Another monumental movie burst onto the scene in May 1977 when Luke Skywalker left his home planet, teamed up with other rebels, and saved Princess Leia from the evil clutches of Darth Vader in the release of “Star Wars.”
“It was during the ’77 Flood and we ran it for six months,” Troll said.
“Ironically, even recessions don’t hurt us because movies are a form of escapism.”
Don’t let Troll’s trademark pony tail, casual dress and laid-back demeanor fool you.
He is a savvy businessman who has had to make crucial decisions to keep the family business afloat.
Several national theater chains have attempted to open multiplex theaters in the region, threatening the survival of the family business.
In December 1988, Manos Theater of Greensburg announced plans to create a $2.5 million, 10-screen theater. The move could have crippled County Amusement.
The Manos plans stalled over a lease agreement with Glosser Bros. for property at University Park Shopping Center.
As the third-generation Troll to be involved in the business, he went on the offensive.
In the fall 1989, Richland Mall Cinemas Inc. was formed and another family was added that has roots dating back to the Nickelodeon days. Louis P. Silverman, currently of State College, came on board as a partner.
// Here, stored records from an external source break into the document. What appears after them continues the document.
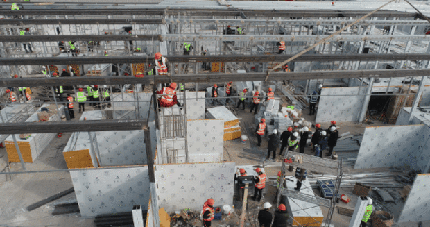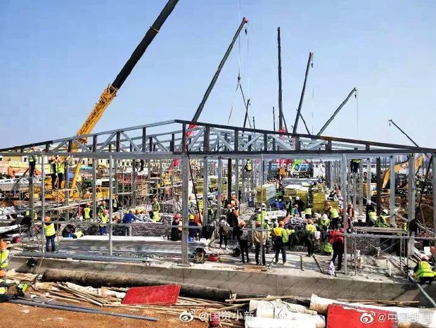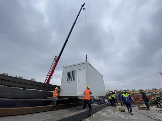 下午16时,中建三局等全部完成现场场地平整和回填,板房基础混凝土浇筑完成约90%,完成300多个箱式板房骨架安装,同时场外抓紧板房拼装,完成约400个,吊至现场直接安装。水电暖通、机电设备等材料全面到位,同步开始作业。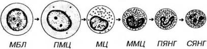 Рис. 9-5. Гранулоцитопоэз (на примере развития нейтрофильных гранулоцитов). МБЛ - миелобласт, ПМЦ - промиелоцит, МЦ - миелоцит, ММЦ - метамиелоцит, ПЯНГ - палочкоядерный нейтрофильный гранулоцит, СЯНГ - сегментоядерный нейтрофильный гранулоцит.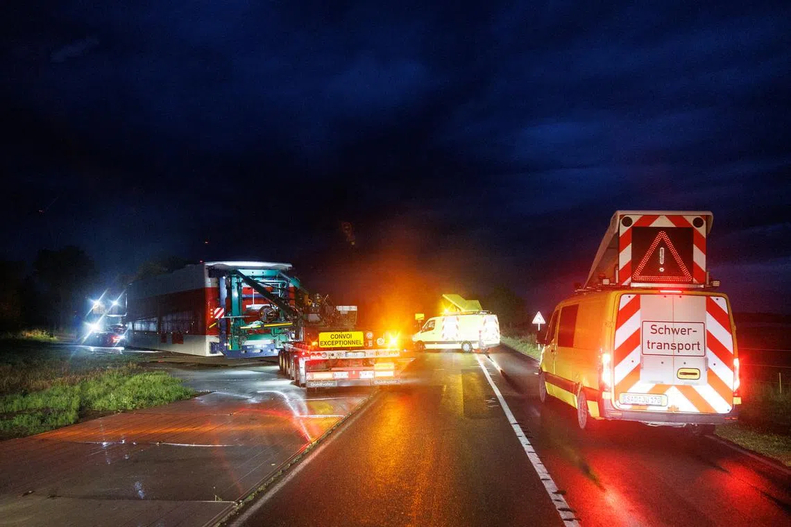 A nacelle of a wind turbine on a truck in a convoy with escort vehicles near a wind farm in Biegen, Germany, on Aug 31.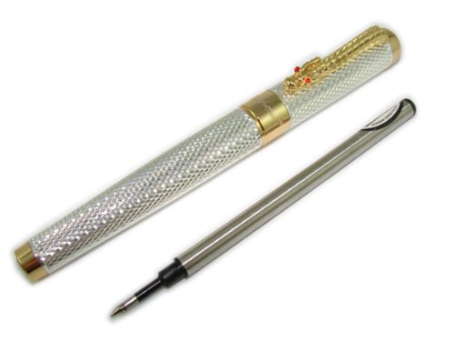 Lanxivi® Jinhao 1200 Roller Ball Pen Silver Rain Dragon Clip with Pen Pouch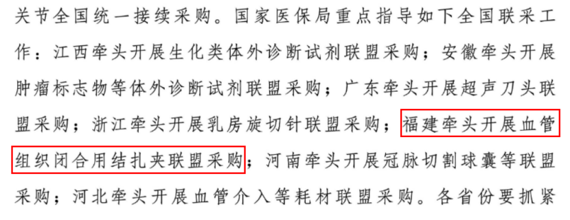 就在兩天前,國家醫(yī)保局最新醫(yī)藥集采文件《國家醫(yī)療保障局辦公室關于加強區(qū)域協(xié)同做好2024年醫(yī)藥集中采購提質擴面的通知》中正式敲定了七大耗材全國聯(lián)采,福建血管組織閉合用結扎夾就是其中之一。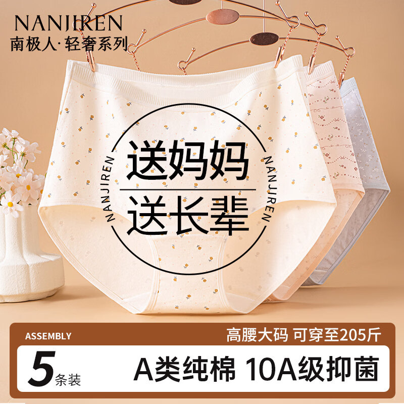 南极人中老年人内裤女纯棉抑菌裆高腰大码内裤加肥送妈妈奶奶三角裤4条

Instrumental in designing Richland Mall Cinemas, which once housed a supermarket, Troll has worked tirelessly to keep his theaters on the cutting edge.
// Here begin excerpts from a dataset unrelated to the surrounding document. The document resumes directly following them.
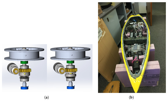 Mechanical fabrication. (a) Control drive assembly with clutch in two positions; (b) picture of the hull enclosure with electronics.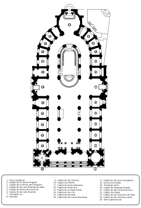 Проект Сервандони предусматривал две башни, соединенные двухъярусным портиком, оформленным колоннами (внизу дорического, вверху ионического ордера). Симметричные башни фасада должны были быть увенчанными по-барочному вогнутыми шатрами со статуями, а двухъярусная колоннада-лоджия на палладианский манер — иметь треугольный фронтон, также украшенный рельефами и статуями. Всё это придавало бы композиции более барочный характер, но не было реализовано. Башни несколько отличаются друг от друга. Но даже с учётом этих утрат фасад Сервандони выглядит внушительно и элегантно.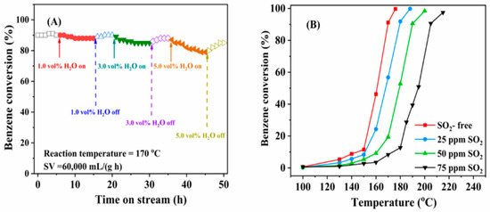 Many studies deal with composite Mn oxides because of their excellent catalytic activity related to synergistic effects, formation of more oxygen vacancies, and improved mobility of surface oxygen. Extensive research has been conducted for preparation of Mn-Cu mixed oxide catalysts with enhanced benzene combustion performance [188,189,190,191,192,193,194,195,196,197]. Generally, addition of copper to manganese oxide contributed to higher surface area [189,190,192,194], increased oxygen vacancy concentration [188,191,192,196,197], abundant surface-adsorbed oxygen species [189,191,194,196], and improved low temperature reducibility [189,190,191,197]. Because of high oxygen mobility, Co3O4 was also found to be an attractive additive. Adsorbed oxygen species and low-temperature reducibility of Mn–Co mixed oxide nanorods prepared by the sol-gel chelating method associated with strong synergistic effect between Mn and Co species in solid solution positively affected benzene conversion [198]. Creation of an MnO2-Co3O4 heterogeneous interface was achieved by decoration of three types of 1D MnO2, thus facilitating formation of surface active oxygen and improving low temperature reducibility [199]. Suitability of diatomaceous earth as a novel, cheap, and widely available support of MnO2-Co3O4 catalysts able to completely decompose benzene in the temperature range 225–250 °C was demonstrated [200].

“We gutted the old Shop ’n’ Save and I had to design a floor plan around vertical beams that supported the roof,” he said.
“We couldn’t remove the supports so I had to design our rooms around them.”
In his current building at Richland Town Centre, Troll insisted on having stadium seating, a better sound system and installed a rearview projection system in the lobby.
Troll has been in the business long enough to realize there always will be challenges and lean times.
“In all my years at the theaters, the most uncertain time for me was from 1990 to 1997,” he said.
There was talk of a 15-screen multiplex theater being built at The Galleria, which replaced Richland Mall as the Johnstown region’s main shopping center.
“The marketplace is only big enough for one multiplex theater,” Troll said.
“These chains have deep pockets and posed a threat.”
As the ultimate survivor, Troll gambled and built his latest theater in the shadow of his former movie house.
“I was the last man standing,” he quipped.
Richland Mall Cinemas was demolished once the move to its new home was complete.
“You don’t have to be an industry expert or a financial wizard to know that our region cannot support two multiplex theaters,” Troll said.
The family aspect of the business continues as Troll’s daughter-in-law, Donna, has been given the responsibility of much of the day-to-day operation.
“I had opportunities to go into accounting or international business, but being part of a family operation has many benefits,” she said.
“The business has weathered many challenges and we continue to give the public top-notch entertainment.”